Knock on the door and there was the young lad from over the road 'I understand you have our cat, Leo?'
'Uh? Yes! He's upstairs, I think... hold on...'
I returned with Leo but the lad had gone. He came over with a carrier bag full if food. 'It's my sister's cat. He has four kitten sachets a day, water and don;t let him on the furniture...'
And back home went he.
As this twit went to college and sometimes didn't return until midnight I decided leo could stay put..
Boggle!
They were, very small sachets of food.
Leo had been sharing DC's food and was plumper and happier and slept on the bed, played on the sofa and ran up and down the curtains and the tree in the back garden and got stuck. He tormented DC who never bashed back just hid, and he took over all the mousy toys.
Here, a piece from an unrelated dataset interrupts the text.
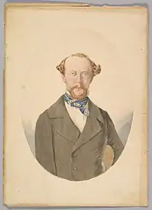 In 1840, Langenheim and his brother William began working for a German language newspaper edited by George Francis Schreiber in Philadelphia. Langenheim acquired a daguerreotype camera from Von Voigtlander and formed a partnership with Schreiber in a photographic studio business for a couple of years in 1841.[2] In 1843 Langenheim went into the photography studio business with his brother at 26–27 Exchange Street in Philadelphia. It was the W. & F. Langenheim firm and known as the Philadelphia daguerrotype establishment.[3] They made in 1842 the first advertising picture in history.[7] It was of patrons eating and drinking in the restaurant in the Philadelphia Exchange Building. The picture of people dining was hung in the hall of the building to attract potential customers for the dining room.[8][9][10]

He was a happy cat.
A week passed....
Knock on the door and there was the poison dwarf herself. 'Can I have Leo now, my daughter's going back to Milton Keynes in a couple of minutes....' I produced Leo
Not so much as a thank you...
Not from any of them.
About six months later the posty asked me if I would hold a parcel for them. A bloody HUGE parcel, hardy pick-upable.
I dropped a note through their letter box.
Nothing happened.
The end of the next day (wednesday) I hauled it over the road and the man said 'Oh, it's for my son, who is on holiday. I thought it might as well stay there until he came back...' On Saturday...
Siiiiigh.
They have a terribly modern and posh (and larger) kitchen. You never see anyone cooking in it though. Ten minutes is the longest anyone stays in there... ever...
They spend far longer than that tarting up their caravan and taking up half the road.
We don't likes em, we don't.
Why ever not? They don't sound like much trouble.
Her-n-door comes round here to glower out of my bedroom widow and has asked me to put the lace curtains back up so she can use the binoculars again. She is sure 'they' have sneaked new fitted wardrobes into the spare room.
Jinglebells Drive. You can;t beat it.
When I were a lad...
Across the road lived the Harries - Harrieses? We were sure they had a telescope in the dormer window of their attic room.
Every time anyone came or went, the curtains twitched, which kept them pretty-much a-flutter, as there were usually six of us and an au pair in the place, and my mother was a physioterrorist in private practice.
For long story reasons, at college I had sculpted a huge statue of a super-obese (nude) woman who sagged all over and whose every feature cascaded in folds.
One night we parked her on the seat of a friend's double-adult sidecar, and he went to work with it there for a week - in those days, plastic windows tended to get yellow and cloudy...
On the following Sunday morning it appeared, mushroom-like, on our front lawn, and the Harries' curtain had delerium tremens.